South Dakota Governor Kristi Noem said the Department of Homeland Security (DHS) is responsible for safeguarding the 2026 federal elections, prompting a PBS NewsHour fact‑check of the claim.
The fact‑check compared Noem’s statements with DHS’s publicly posted mission and budget documents, which describe the agency’s core duties as protecting the nation’s critical infrastructure, cyber networks, and responding to threats, but do not assign it authority to oversee or certify election results.
What the Right Is Saying
Republican officials and Noem’s office maintain that DHS’s cyber‑security responsibilities naturally extend to protecting election‑related systems from foreign interference. Governor Noem’s press release quoted her as saying the agency “plays a critical part in keeping our elections safe from outside threats,” and the House Committee on Homeland Security’s Republican chair, Rep.
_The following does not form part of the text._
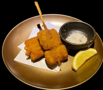
スペイン豚串カツ Spain Buta Kushikatsu Pork Thigh Katsu

Michael McCaul (R‑TX), argued that DHS’s existing cyber‑defense programs already support election infrastructure.
What the Left Is Saying
Democratic leaders and voting‑rights groups argue that Noem’s remarks mischaracterize DHS’s role and could be used to justify broader federal involvement in elections. Senator Tammy Baldwin (D‑WI) said the statement “blurs the line between protecting infrastructure and interfering in the democratic process,” and the ACLU noted that DHS lacks statutory authority to manage election administration, warning that such claims may fuel unfounded concerns about election integrity.
What the Numbers Show
DHS’s FY 2026 budget allocated $1.3 billion to election‑security initiatives, a portion of its overall $55 billion budget, reflecting a focus on cyber protection rather than direct election administration. The agency reported 112 cyber incidents targeting election‑related systems in the 2025‑2026 cycle, a 7 percent increase from the prior year, according to its annual security report. A Pew Research poll released in January 2026 found that 48 percent of Americans believe the federal government should have a larger role in election security, while 42 percent prefer state and local control.
The DHS website lists its mission as protecting the nation from terrorism, cyber threats, and natural disasters, with no mention of overseeing election outcomes or certifying results.
The Bottom Line
The fact‑check confirms that DHS’s statutory mission does not include managing elections; its involvement is limited to cybersecurity and infrastructure protection. The differing interpretations of the agency’s role reflect broader partisan debates over federal versus state control of election security, and the issue will likely reappear in upcoming congressional hearings on election‑integrity legislation.